The Women's National Basketball Association All-Star Game, commonly referred to as the  WNBA All-Star Game, is an annual exhibition basketball game played in the United States between the best players of the Western and Eastern Conference of the Women's National Basketball Association (WNBA). Since 2004, the game is not held in years when the Summer Olympics take place.

Structure
Each conference is represented by a team of 12 players who are currently having the best seasons performance-wise around the league. The starters are determined by fans voting through internet ballots. The rest of the players are selected by league personnel including head coaches as well as media personalities.  At the end of the game, an all-star game Most Valuable Player (MVP) is named, as decided by a panel of media members.

History

In 2004, the game was not played in its usual format due to the WNBA players competing in the 2004 Summer Olympics in Athens, Greece. That year, the USA national team defeated a team of WNBA All-Stars 74–58 at Radio City Music Hall. This game is officially considered to be an exhibition rather than an All-Star Game.  The league also took a month-long break to accommodate players and coaches who would be participating in the summer games.
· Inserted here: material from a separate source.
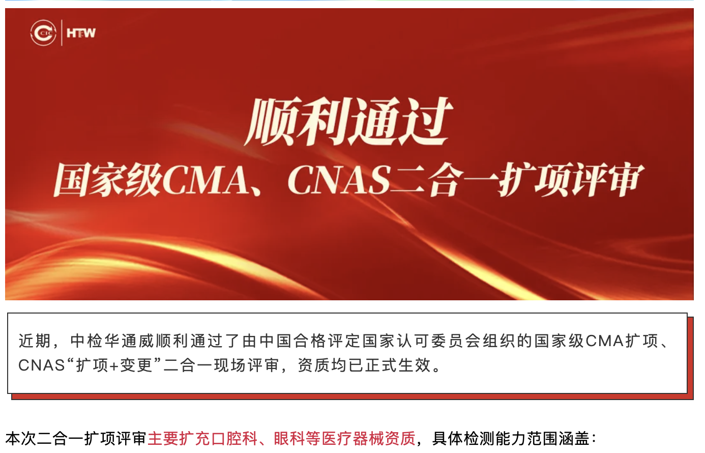 中检华通威顺利通过国家级CMA、CNAS二合一扩项评审
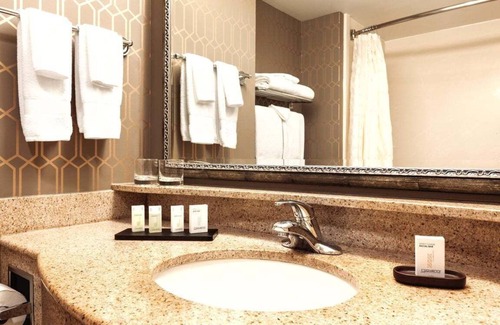 Ideal for groups of friends or colleagues who wish to book a hotel suite in Louisville, the 2 Room Suite-1 King Bed-Non-smoking connects with the 2 Room Suite-2 Double Beds-Non-smoking-ADA Accessible to offer 860 square feet of comfortable space. In the evening, wash away the stress of the day in one of the two bathrooms, one in which has accessible features with a roll-in shower and deluxe amenities. With a total of two bedrooms, this pair of connecting suites features a King-sized bed and two Double beds. The cozy living spaces lend two sofabeds, perfect for sleeping your extra guests. There’s also a versatile desk area for business travelers. With a stay in this pair of connecting suites, you will be treated to complimentary perks such as made-to-order breakfasts. Two-room suites with modern kitchens offer a relaxing home-away-from-home feeling at the hotel. Start your morning off on the right foot with a complimentary breakfast featuring made-to-order omelets, oatmeal with toppings, cereal, and pastries, and unwind after a busy day at the evening reception, where you can enjoy complimentary beer, wine, cocktails, soft drinks, and appetizers. Downtown Louisville and the Louisville International Airport are both within a 20-minute drive, and you'll find plenty of options for on-site recreation including a fitness center, a cafe serving bistro-style fare, and an indoor pool with a hot tub.In November 2022, Hilton and Peloton Interactive, Inc. announced an industry-first partnership, making Hilton the first hospitality brand to feature Peloton Bikes across its entire U.S. hotel portfolio of 18 award-winning brands. Nearly all 5,400 U.S. Hilton-branded hotels - from Hampton by Hilton to Waldorf Astoria - will feature at least one Peloton Bike in every fitness center, providing guests with a more holistic wellness experience, including access to Peloton's world-class instructors and expansive connected fitness content. For more information regarding Hilton and Peloton Interactive, Inc's partnership, please contact Hilton directly.

The tradition of not playing the WNBA All-Star Game during an Olympic year has continued in 2008, 2012, and 2016 (along with the tradition of taking a month-long break during the regular season). The 2020 Summer Olympics were postponed until 2021 due to the COVID-19 pandemic. For the same reason, the beginning of the 2020 WNBA season has been delayed. The league later announced a revised 22-game schedule, but no all-star game was played. 

No official All-Star Game was held in 2010. Instead, there was an exhibition game matching the USA national team against a WNBA All-Star team, with Team USA winning 99–72 at Mohegan Sun Arena. 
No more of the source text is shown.